-------- DATA FOR REVIEW --------
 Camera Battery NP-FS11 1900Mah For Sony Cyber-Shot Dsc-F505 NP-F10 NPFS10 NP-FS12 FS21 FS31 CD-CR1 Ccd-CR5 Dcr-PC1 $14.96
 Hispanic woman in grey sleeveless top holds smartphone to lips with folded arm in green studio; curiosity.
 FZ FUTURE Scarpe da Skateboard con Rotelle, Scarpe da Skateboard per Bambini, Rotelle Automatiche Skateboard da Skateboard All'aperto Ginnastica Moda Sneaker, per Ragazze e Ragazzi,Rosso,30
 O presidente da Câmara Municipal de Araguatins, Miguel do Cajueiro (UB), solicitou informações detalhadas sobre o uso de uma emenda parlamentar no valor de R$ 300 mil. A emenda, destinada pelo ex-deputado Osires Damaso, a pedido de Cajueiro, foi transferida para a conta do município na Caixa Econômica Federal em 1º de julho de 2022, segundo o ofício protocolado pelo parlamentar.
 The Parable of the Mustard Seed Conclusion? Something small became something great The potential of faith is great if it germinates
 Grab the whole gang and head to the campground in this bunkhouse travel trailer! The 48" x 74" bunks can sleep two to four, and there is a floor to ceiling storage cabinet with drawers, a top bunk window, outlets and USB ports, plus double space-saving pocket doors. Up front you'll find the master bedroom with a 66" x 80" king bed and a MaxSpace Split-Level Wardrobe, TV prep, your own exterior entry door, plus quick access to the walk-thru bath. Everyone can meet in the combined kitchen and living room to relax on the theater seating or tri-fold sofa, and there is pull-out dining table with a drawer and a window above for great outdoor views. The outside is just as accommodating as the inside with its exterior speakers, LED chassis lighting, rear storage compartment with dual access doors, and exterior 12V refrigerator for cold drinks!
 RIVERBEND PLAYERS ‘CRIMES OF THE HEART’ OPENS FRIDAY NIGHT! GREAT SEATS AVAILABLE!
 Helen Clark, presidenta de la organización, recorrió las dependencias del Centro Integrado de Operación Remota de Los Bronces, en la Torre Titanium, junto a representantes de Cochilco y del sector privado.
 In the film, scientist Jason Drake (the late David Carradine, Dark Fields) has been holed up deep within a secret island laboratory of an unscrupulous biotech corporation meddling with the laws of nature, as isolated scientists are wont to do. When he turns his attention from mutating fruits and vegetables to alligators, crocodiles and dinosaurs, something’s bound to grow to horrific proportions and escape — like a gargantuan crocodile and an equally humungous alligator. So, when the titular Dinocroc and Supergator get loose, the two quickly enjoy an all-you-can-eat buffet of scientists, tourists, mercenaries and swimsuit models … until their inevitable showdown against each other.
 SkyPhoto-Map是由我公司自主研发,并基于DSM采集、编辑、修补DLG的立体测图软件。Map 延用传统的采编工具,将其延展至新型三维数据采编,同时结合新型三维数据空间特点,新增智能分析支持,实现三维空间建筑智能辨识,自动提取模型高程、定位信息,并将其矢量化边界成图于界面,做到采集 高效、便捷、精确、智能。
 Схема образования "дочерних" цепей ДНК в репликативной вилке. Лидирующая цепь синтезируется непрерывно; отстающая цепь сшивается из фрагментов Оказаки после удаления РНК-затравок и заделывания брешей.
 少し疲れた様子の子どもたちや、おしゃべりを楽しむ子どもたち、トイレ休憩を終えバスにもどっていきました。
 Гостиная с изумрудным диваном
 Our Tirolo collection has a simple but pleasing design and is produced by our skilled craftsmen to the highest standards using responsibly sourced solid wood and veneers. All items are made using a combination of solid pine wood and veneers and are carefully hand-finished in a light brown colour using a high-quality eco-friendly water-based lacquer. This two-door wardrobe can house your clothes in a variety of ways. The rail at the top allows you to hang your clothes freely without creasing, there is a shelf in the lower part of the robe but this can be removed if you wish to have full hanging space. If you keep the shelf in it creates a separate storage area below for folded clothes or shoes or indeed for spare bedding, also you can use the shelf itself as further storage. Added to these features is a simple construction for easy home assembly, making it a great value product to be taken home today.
--------
_WORK TO BE COMPLETED_:
Transcribe the records above exactly, beginning at the line that contains "и заделывания брешей." and ending with the line that contains "Гостиная с изумрудным диваном", both included, and nothing else.

_EXPECTED ANSWER_:
 Схема образования "дочерних" цепей ДНК в репликативной вилке. Лидирующая цепь синтезируется непрерывно; отстающая цепь сшивается из фрагментов Оказаки после удаления РНК-затравок и заделывания брешей.
 少し疲れた様子の子どもたちや、おしゃべりを楽しむ子どもたち、トイレ休憩を終えバスにもどっていきました。
 Гостиная с изумрудным диваном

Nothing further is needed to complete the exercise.